South Africa will not be forced to side with any world power, President Cyril Ramaphosa said on Sunday as he prepared to host a summit of major emerging economies.

The meeting in Johannesburg this week of the BRICS countries – Brazil, Russia, India, China and South Africa – will seek to broaden their influence and push for change in global geopolitics.

South Africa’s hosting of the summit highlighted its ties to the Kremlin, especially as it refused to condemn Russia’s invasion of Ukraine.

“Even if some of our critics prefer to openly support their political and ideological choices, we will not allow ourselves to be drawn into a competition between global powers,” Ramaphosa said in a televised state of the nation address.

“We have resisted pressure to align ourselves with any of the world powers or influential blocs of nations,” he said.

Ramaphosa will be joined at the BRICS summit by Chinese President Xi Jinping, Indian Prime Minister Narendra Modi and Brazilian President Luiz Inacio Lula da Silva.

Russia will be represented by Foreign Minister Sergei Lavrov, with online participation by President Vladimir Putin.
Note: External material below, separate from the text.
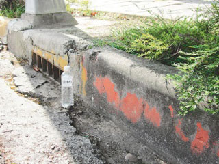養(yǎng)工處人員查證發(fā)現(xiàn)這處凹洞是排水之用,但由于原本就有積水,使得雜草叢生,導致類似踩空而跌倒,的確是排水孔維護不當引起。

Poutine decided against his presence in person because he is the target of an arrest warrant from the International Criminal Court which South Africa is in theory obliged to execute.

The mandate triggered a diplomatic dilemma for weeks until Putin’s decision was announced, given South Africa’s long-standing ties to Russia and South Africa’s refusal to arrest former Sudanese dictator Omar al -Bashir in 2015 in a similar situation.

Around 50 other non-BRICS leaders – including Iran’s Ebrahim Raisi and Indonesian President Joko Widodo – have confirmed they will attend the talks.

BRICS countries account for about a quarter of the global economy and interest in joining the group has increased this year.

At least 40 countries have expressed interest in becoming members, and 23 have submitted their applications. Countries aspiring to become members of BRICS include Argentina, Bangladesh, Bahrain, Cuba, EthiopiaIndonesia, Iran, Nigeria and Saudi Arabia.

South Africa said it supported calls to open BRICS membership.

“An expanded BRICS will represent a diverse group of nations with different political systems that share a common desire to have a more balanced world order,” Ramaphosa said.

Expansion plans were first mooted last year, according to South African Foreign Minister Naledi Pandor.